If these agents don’t have access to unpredictable sources of randomness (e.g., it’s acausal trade through very detailed simulations and they can perfectly predict parts of each other’s environment), is there any way for them to coordinate on generating a random bit in a way that can’t be manipulated/exploited?
I feel like the answer should be “no”, as schemes like “both transparently don’t look at a part of the other’s source code when they coordinate on the scheme, then look and generate the bit from these parts” fail due to the possibility of something else looking at the whole of the agent A’s source code first and then designing a successor/a simulated agent B which won’t look there but will produce the needed bit.
But maybe I’m missing something?
In principle (depending upon computation models) this should be possible.
With this very great degree of knowledge of how the other operates, it should be possible to get a binary result by each agent:
choosing some computable real number N and some digit position M,
that they have no current expectation of being biased,
compute it,
use the other’s source code to compute the other’s digit,
combine the digits (e.g. xor for binary),
verify that the other didn’t cheat,
use the result to enact the decision.
In principle, each agent can use the other’s source code to verify that the other will not cheat in any of these steps.
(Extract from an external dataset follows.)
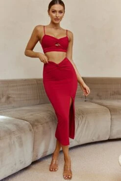 You’ll be unforgettable in our hot One Night Only midi skirt. Featuring a twist detail in the waist and sexy, thigh-high split. It’s perfect for dinner dates with your beau or a glitzy girls’ night out teamed with its matching crop top.
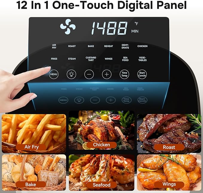 - Fast Cooking & Simplified Set-Up : With advanced rapid air circulation technology and 12-in-1 preset modes, makes you prepare meals quickly and easily. From crispy fries and juicy wings to roasted veggies and desserts, it’s your all-in-one kitchen solution for busy days

Even if B currently knows a lot more about values of specific numbers than A does, that doesn’t help B get the result they want. B has to choose a number+position that B doesn’t expect to be biased, and A can check whether they really did not expect it to be biased.
Note that this, like almost anything to do with agents verifying each other via source code, is purely theoretical and utterly useless in practice. In practice step 6 will be impossible for at least one party.
Agent A doesn’t know that the creators of agent B didn’t run the whole interaction with a couple of different versions of B’s code until finding one that results in N and M that produce the bit they want. You can’t deduce that by polluting at B’s code.
I’m very confused what the model is here. Are you saying that agents A and B (with source code) are just proxies created by other agents C and D (internal details of which are unknown to the agents on the other side of the communication/acausal barrier)?
What is the actual mechanism by which A knows B’s source code and vice versa, without any communication or any causal links? How does A know that D won’t just ignore whatever decision B makes and vice versa?